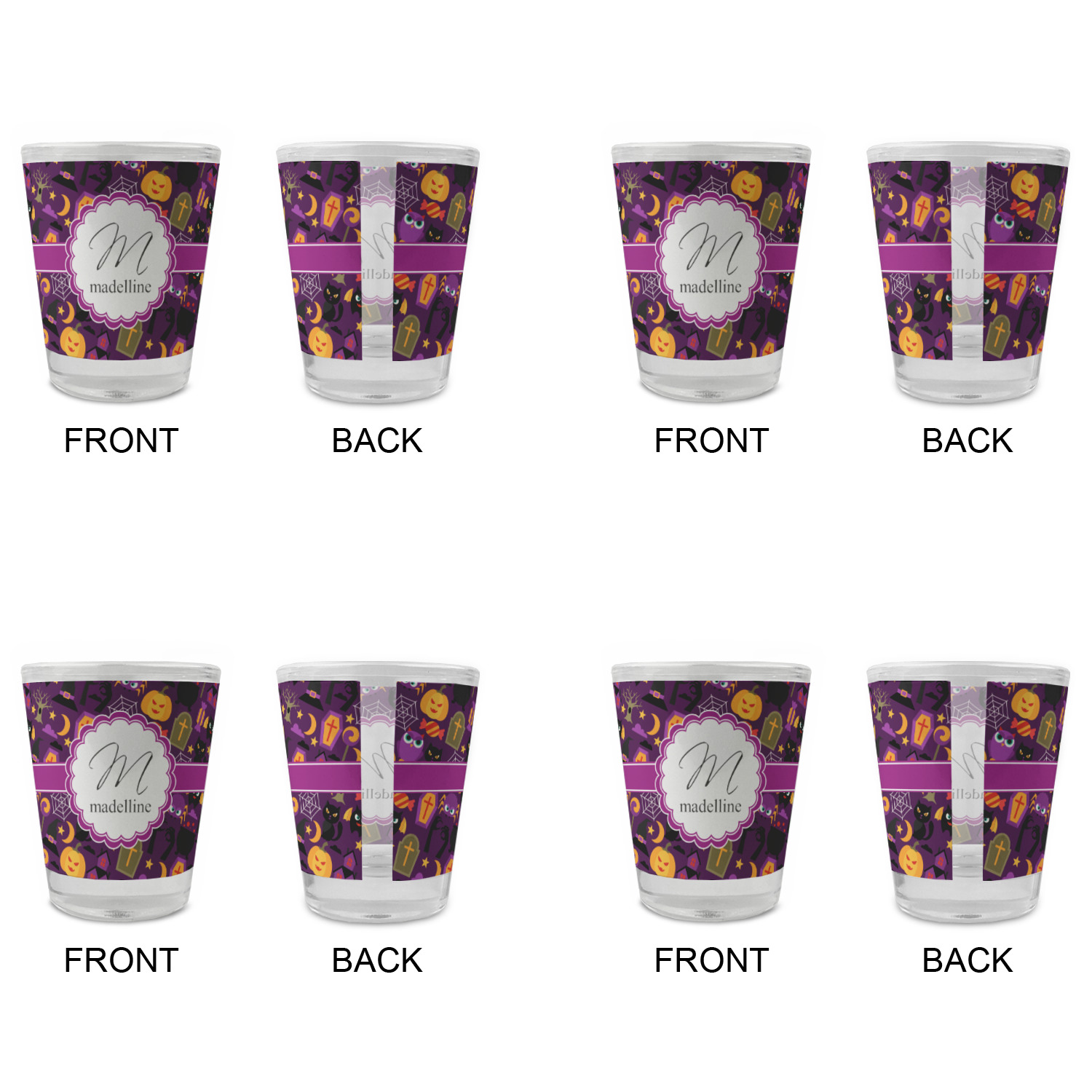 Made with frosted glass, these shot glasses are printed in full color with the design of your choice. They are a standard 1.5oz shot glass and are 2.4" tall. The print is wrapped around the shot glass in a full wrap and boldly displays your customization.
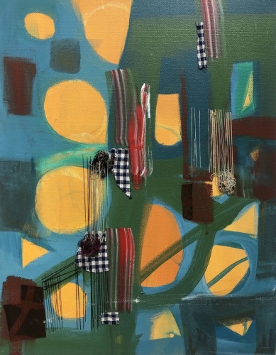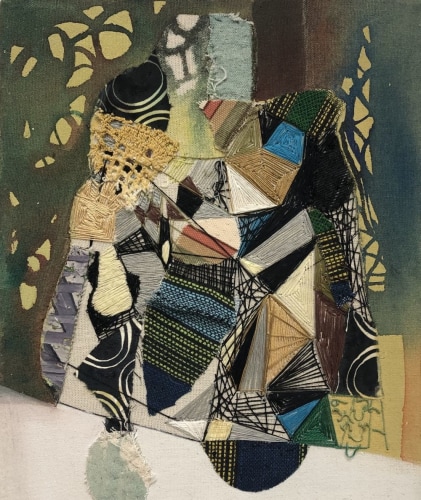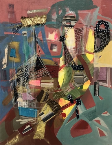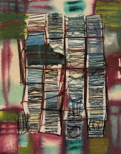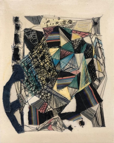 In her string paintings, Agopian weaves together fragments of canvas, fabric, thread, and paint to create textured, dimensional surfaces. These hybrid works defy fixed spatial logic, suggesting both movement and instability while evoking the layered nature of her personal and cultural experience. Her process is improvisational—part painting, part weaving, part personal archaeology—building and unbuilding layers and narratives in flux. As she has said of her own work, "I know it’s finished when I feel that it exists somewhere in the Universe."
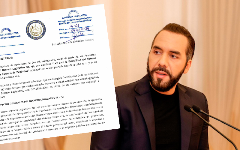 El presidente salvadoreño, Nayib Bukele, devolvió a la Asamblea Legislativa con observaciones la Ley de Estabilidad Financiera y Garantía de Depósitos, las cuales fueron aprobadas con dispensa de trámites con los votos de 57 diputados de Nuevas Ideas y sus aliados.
__________
## WHAT TO WORK ON
Reproduce the listing word for word and omit its pictures.

## ANSWER FOR THIS EXERCISE
 Made with frosted glass, these shot glasses are printed in full color with the design of your choice. They are a standard 1.5oz shot glass and are 2.4" tall. The print is wrapped around the shot glass in a full wrap and boldly displays your customization.
 In her string paintings, Agopian weaves together fragments of canvas, fabric, thread, and paint to create textured, dimensional surfaces. These hybrid works defy fixed spatial logic, suggesting both movement and instability while evoking the layered nature of her personal and cultural experience. Her process is improvisational—part painting, part weaving, part personal archaeology—building and unbuilding layers and narratives in flux. As she has said of her own work, "I know it’s finished when I feel that it exists somewhere in the Universe."
 El presidente salvadoreño, Nayib Bukele, devolvió a la Asamblea Legislativa con observaciones la Ley de Estabilidad Financiera y Garantía de Depósitos, las cuales fueron aprobadas con dispensa de trámites con los votos de 57 diputados de Nuevas Ideas y sus aliados.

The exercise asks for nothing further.